Andrew J. Clarke, Ph.D.
Associate Professor, Department of Government & Law
Website
Andrew Clarke is an an associate professor in the Department of Government & Law and an affiliate of the Center for Effective Lawmaking. His research focuses on American political institutions, civic engagement, and public policy. He founded Gov Lab in Summer 2020.

Caleb Gallemore, Ph.D.
Associate Professor, International Affairs Program
Website
Caleb Gallemore is an Associate Professor in the International Affairs Program. He holds a Ph.D. in Geography and a Master’s degree in Political Science with a concentration in International Relations, both from The Ohio State University. Previously, he was an Assistant Professor in the Department of Geography and Environmental Studies at Northeastern Illinois University.

Dylan W. Groves, Ph.D.
Assistant Professor, Department of Government & Law
On Parental Leave Fall 2025
Website
Dylan W. Groves is an Assistant Professor of Government and Law at Lafayette College. His research focuses on comparative politics, political economy, African politics, and the media.

Stephanie Chan, Ph.D.
Assistant Professor, Department of Government & Law
On Research Leave AY 2025-26
Website
I am an Assistant Professor in Lafayette College’s Department of Government and Law. Substantively, my interests involve race, immigration, political participation, and public opinion and I use methods ranging from interviews to survey experiments and network analysis. I earned my PhD in Politics from Princeton University with specializations in American Politics, Comparative Politics, and Formal and Quantitative Methods. My dissertation, Creative Citizenship: The Impacts of Racialized Incorporation on Political Participation, won the 2023 American Political Science Association Race, Ethnicity, and Politics Section Best Dissertation Award.

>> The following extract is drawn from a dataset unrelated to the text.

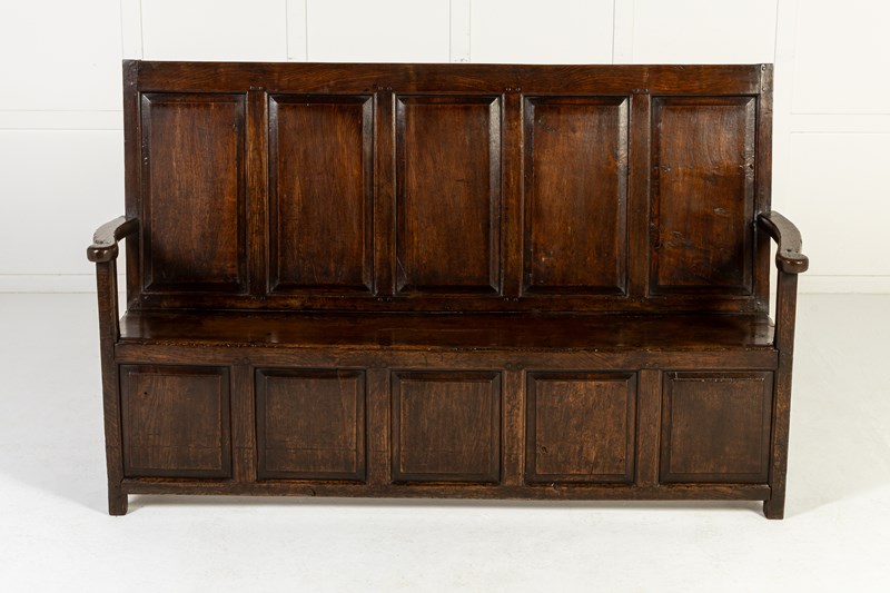 https://www.decorativecollective.com/dealers/lee-wright-antiques18th Century English oak settle with a high back. Unusual format of five fielded panels at the back mirrored on the font panel, and having open arms.

With Sonya Chen, I have won the Western Political Science Association Asian Pacific American Caucus 2023 Best Paper Award. My work has been published in International Migration Review, Politics, Groups, and Identities, and American Political Research.
Before coming to Lafayette College, I was a co-organizer for Princeton Women in Politics and a graduate fellow in Princeton Research in Experimental Social Science. I graduated summa cum laude with a B.A. in Political Science from the University of Massachusetts Amherst (UMass). At UMass Amherst, I was a fellow in UMass Women into Leadership, a fellow of SBS Rise (formerly Academic Fellows Program), and a Commonwealth Honors College Scholar with Greatest Distinction.